Abstract
We have engineered pH sensitive binding proteins for the Fc portion of human immunoglobulin G (hIgG) (hFc) using two different strategies – histidine scanning and random mutagenesis. We obtained an hFc-binding protein, Sso7d-hFc, through mutagenesis of the Sso7d protein from the hyperthermophilic archaeon Sulfolobus solfataricus; Sso7d-hFc was isolated from a combinatorial library of Sso7d mutants using yeast surface display. Subsequently, we identified a pH sensitive mutant, Sso7d-his-hFc, through systematic evaluation of Sso7d-hFc mutants containing single histidine substitutions. In parallel, we also developed a yeast display screening strategy to isolate a different pH sensitive hFc binder, Sso7d-ev-hFc, from a library of mutants obtained by random mutagenesis of a pool of hFc binders. In contrast to Sso7d-hFc, both Sso7d-his-hFc and Sso7d-ev-hFc have a higher binding affinity for hFc at pH 7.4 than at pH 4.5. The Sso7d-mutant hFc binders can be recombinantly expressed at high yield in E. coli and are monomeric in solution.
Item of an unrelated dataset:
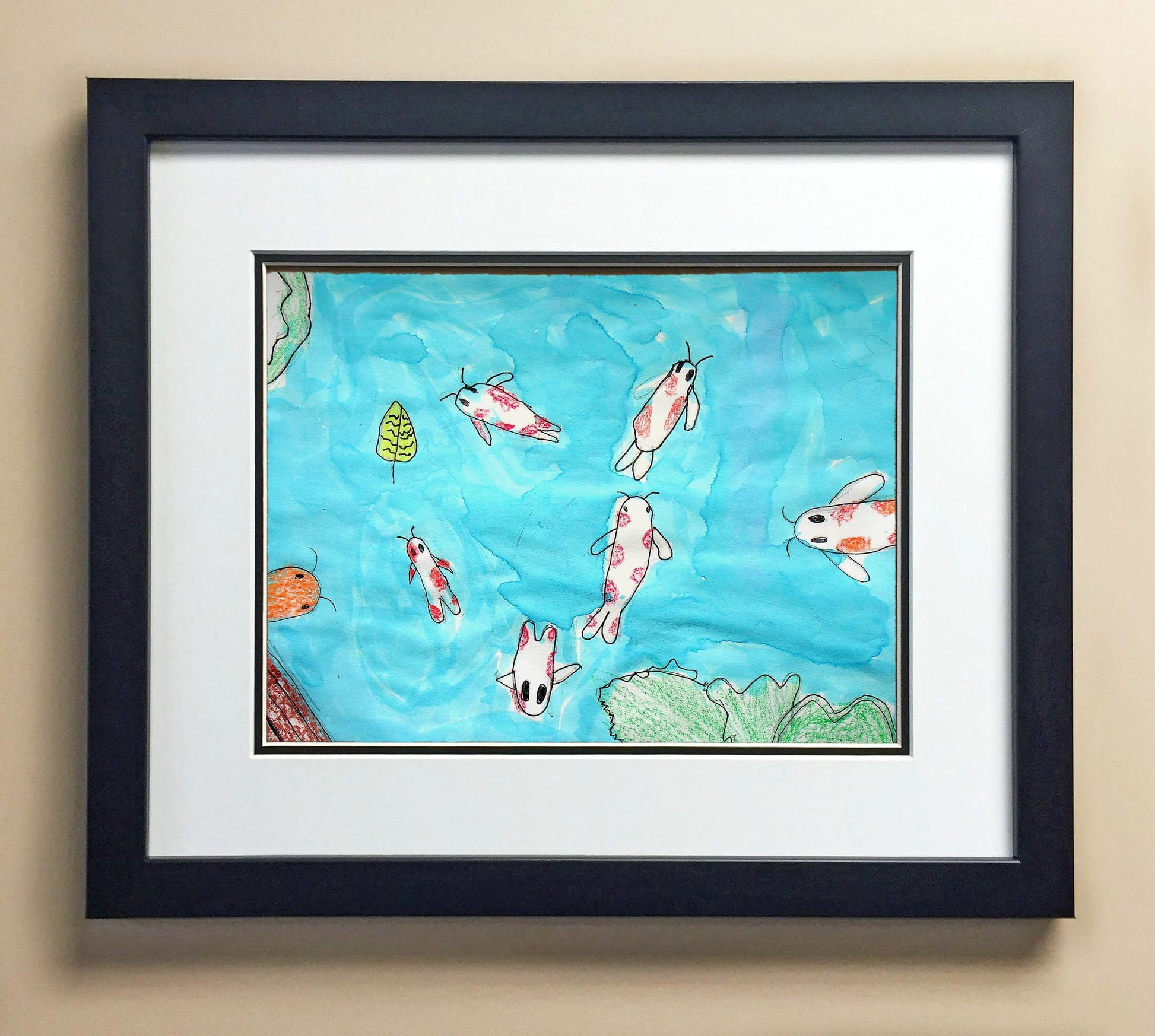 Included with the purchase is the Students Artwork, Frame, double matboard, shatter proof plexiglass, and a ready to hang backerboard with turnbuttons

They bind an epitope in the CH3 domain of hFc that has high sequence homology in all four hIgG isotypes (hIgG1–4), and recognize hIgG1–4 as well as deglycosylated hIgG in western blotting assays. pH sensitive hFc binders are attractive candidates for use in chromatography, to achieve elution of IgG under milder pH conditions. However, the surface density of immobilized hFc binders, as well as the avidity effect arising from the multivalent interaction of dimeric hFc with the capture surface, influences the pH dependence of dissociation from the capture surface. Therefore, further studies are needed to evaluate if the Sso7d mutants identified in this study are indeed useful as affinity ligands in chromatography.
Highlights
The affinity and specificity of protein-protein interactions can be regulated by external pH
Bead-bound cells were discarded and further negative selection was performed against mouse immunoglobulin G (IgG), chicken immunoglobulin Y and rabbit IgG
We developed a screening strategy to isolate the pH sensitive hFc binder, Sso7d-ev-hFc, from a library of Sso7d mutants, generated by random mutagenesis of a pool of hFc binders
Summary
The affinity and specificity of protein-protein interactions can be regulated by external pH. Maternal immunoglobulin G (IgG) binds the neonatal Fc receptor (FcRn) with high affinity at pH 6.0 and weakly at pH 7.4. Therapeutic proteins that are engineered to lose binding to their target receptor in the acidic environment of the endosome (pH 6.0) can escape endosomal degradation and result in increased half-life of the protein in the extracellular space. This paradigm has been used to engineer pH sensitive mutants of Granulocyte Colony Stimulating Factor (GCSF) [5] and therapeutic antibodies against the Interleukin-6 receptor (IL-6R) and Proprotein Convertase Substilisin Kexin type 9 (PCSK9) [3,4]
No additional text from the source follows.